Arun Sudhaman 28 May 2014 // 12:23AM GMT
It was a headline that gave more than one China agency head reason to pause. On Sunday, the FT reported that China was clamping down on US consulting companies, the latest move in a low-simmering conflict that saw the US government last week indict five Chinese PLO officers on charges of cyber-espionage.
US PR consultancies have grown substantially in China over the past two decades, led by the likes of Ogilvy PR, Hill+Knowlton, Burson-Marsteller, Edelman and FleishmanHillard. The FT pointed specifically to consulting companies such as McKinsey and Bain, and their lucrative contracts with China’s state-owned enterprises.
Yet it also noted that the government will vet foreign products and services in other areas of “public interest”, the kind of language that could concievably implicate PR and public affairs agencies. As the China head of one large US PR agency told me, “we are being very cautious.”
“There will be some impact for agencies,” said Oscar Zhao, CEO of China’s largest communications group, BlueFocus. “Maybe next will be APCO or Brunswick,” he added, pointing to two firms that typically operate at the nexus of politics, regulatory affairs and media relations. “It is not a short term policy; the total environment is changing now.”
As disturbing as it was, the development will not have surprised many in the country. A welcoming environment has turned progressively more hostile for foreign companies in China, particularly those operating in the technology sector. "I cannot remember a more difficult time," APCO China CEO James McGregor told the Holmes Report.
“There’s always been this goal of replacing US technology,” said McGregor. “Snowden has accelerated it. There really has been a psychological shift in the government here: the foreigners need China more than China needs foreigners.”
Yet McGregor is not overly concerned about his own firm’s business, largely because few foreign PR agencies work for SOEs within China. The market remains dominated by MNC PR spend, even if domestic private companies — such as Huawei, Haier and Li Ning — have become more important in recent years.
Even if agencies may yet be spared, the change in climate is certainly unnerving their clients, especially major tech players such as Intel, IBM, Cisco and Microsoft. "We're counselling them to show the value they really bring, to tell a different story and change the conversation,” explained McGregor.

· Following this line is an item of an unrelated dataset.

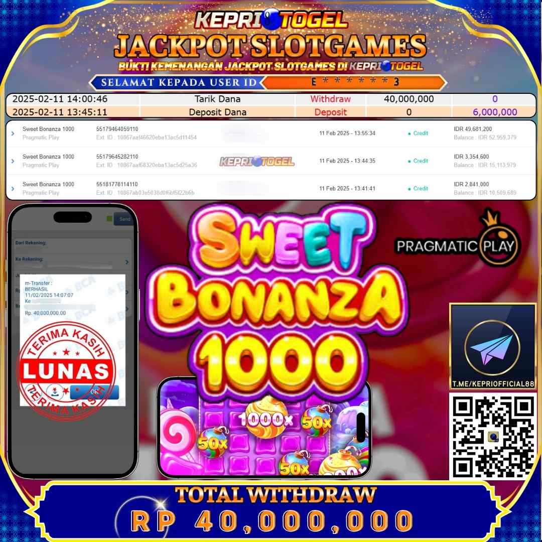 Kepritogel Jackpot Slot Sweet Bonanza 1000 Rp40,000,000

"Most of them have kept their heads down and tried not to attract attention,” stated McGregor. "Now they have to stand up and talk about their contribution. The story that's being told is the foreigners are in here and are exploiting the market."
Other agency heads agreed, noting that their clients had little to gain from sitting on the sidelines. "With this kind of trend, our suggestion is to identify the ways to partner with government initiatives,” said MSLGroup China MD Daisy Zhu. "Identify the areas in which government cares, and prove your value to the country.”
For example, air pollution and food safety are two high-profile areas in which the Chinese government is aiming to improve standards. The thinking is that if foreign companies can help solve these challenges, it will help them build stronger political relationships. That kind of approach, many agreed, will prove more powerful than simply turning up and trying to arrange a meeting with a senior political figure.
"Our clients should pay more attention and effort to being a friendly company in China,” said Zhao. "You don't need a very close relationship with government, but you should do the right things, you should be prepared for these changes."
For agencies, these developments could spell more business. McGregor admits that there has been an upturn in crisis communications and government relations work. Zhao is more forthright: "For foreign brands, it's a huge opportunity for us, because they will need more help. Also for SOEs, they need agency support inside and outside China.”